Dual quantum-correlation paradigms exhibit opposite statistical-mechanical properties

We report opposite statistical-mechanical behaviors of the two major paradigms in which quantum correlation measures are defined, viz., the entanglement-separability paradigm and the information-theoretic one. We show this by considering the ergodic properties of such quantum correlation measures in transverse quantum $XY$ spin-$\frac{1}{2}$ systems in low dimensions. While entanglement measures are ergodic in such models, the quantum correlation measures defined from an information-theoretic perspective can be nonergodic.

Figure 1

Ergodic entanglement measures versus nonergodic information-theoretic measures. Entanglement measures (concurrence and logarithmic negativity, in ebits) and information-theoretic quantum correlation measures (quantum discord and quantum work deficit, in bits) are plotted on the vertical axes against the dimensionless parameter $\tilde{\beta }$, for the infinite quantum transverse $XY$ spin chain.

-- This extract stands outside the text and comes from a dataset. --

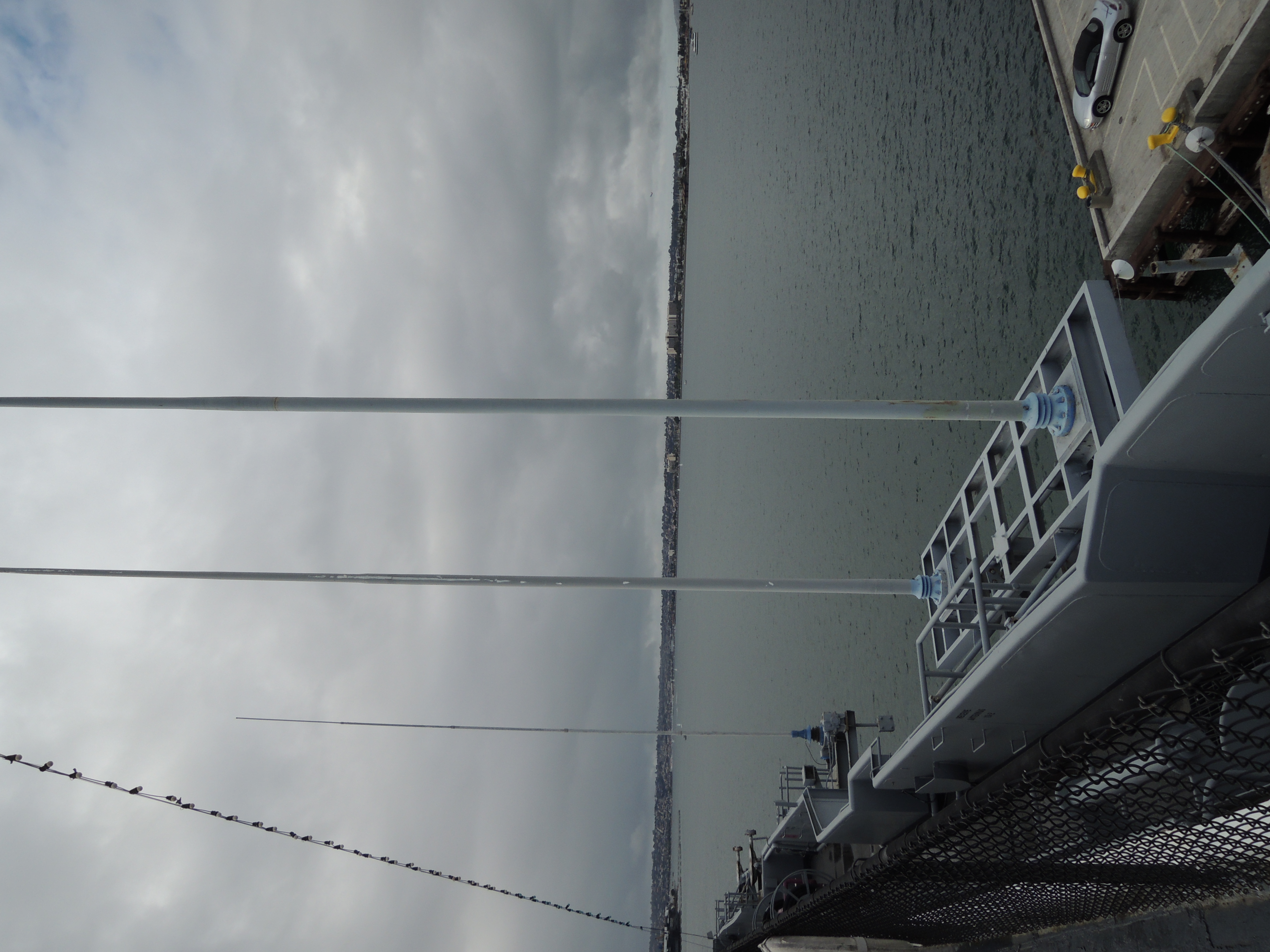 On the bow of the Jersey is the disc-cage antenna. Originally developed

Concurrence ($C$, top left) and logarithmic negativity ($E_N$, top right) are ergodic for any value of initial transverse field $a$. In contrast, information-theoretic quantum correlations—quantum discord ($Q$, bottom left) and quantum work deficit ($▵$, bottom left)—are nonergodic for moderate values of the applied transverse field. The curves with black circles are for the canonical equilibrium state at large time, as functions of $\tilde{\beta }$. We have plotted the values of the corresponding physical quantity, for the time-evolved state with the initial state of the evolution being the canonical state at $\tilde{\beta }=20$, as horizontal lines for different values of the applied transverse field. Precisely, the applied fields used for the horizontal lines are $a/J=0.2$ (red squares), $a/J=0.6$ (blue diamonds), and $a/J=2$ (pink triangles). Note that $a/J$ is a dimensionless quantity. Here $\gamma =0.5$.

Figure 2

Quantum discord versus logarithmic negativity at large time. Quantum discord (in bits, left figure) and logarithmic negativity (in ebits, right figure) of the time-evolved state at $t\to \infty$ are plotted on the vertical axis, for the infinite quantum transverse $XY$ spin chain is plotted against the dimensionless transverse magnetic field parameter $a/J$, on the horizontal axis. The temperature of the initial canonical state of the evolution is taken such that $\tilde{\beta }=20$, and $\gamma =0.5$.

Figure 3

Reproducing the content of Fig. 1 for finite chain of 12 spins with periodic boundary conditions. All considerations remain the same as in Fig. 1.

Figure 4

Ergodicity versus nonergodicity of quantum correlation measures on $XY$ ladders. Quantum discord (left, in bits) and logarithmic negativity (right, in ebits) for a ladder of eight spins with periodic boundary condition. The considerations are the same as in Fig. 1, except for the orange upsidedown triangles, which are for $a/J=0.1$.

Figure 5

Ergodicity versus nonergodicity on 2D $XY$ models. Quantum discord (left, in bits) and logarithmic negativity (right, in ebits) for a 2D array of 12 spins with periodic boundary condition. All considerations are the same as in Fig. 1.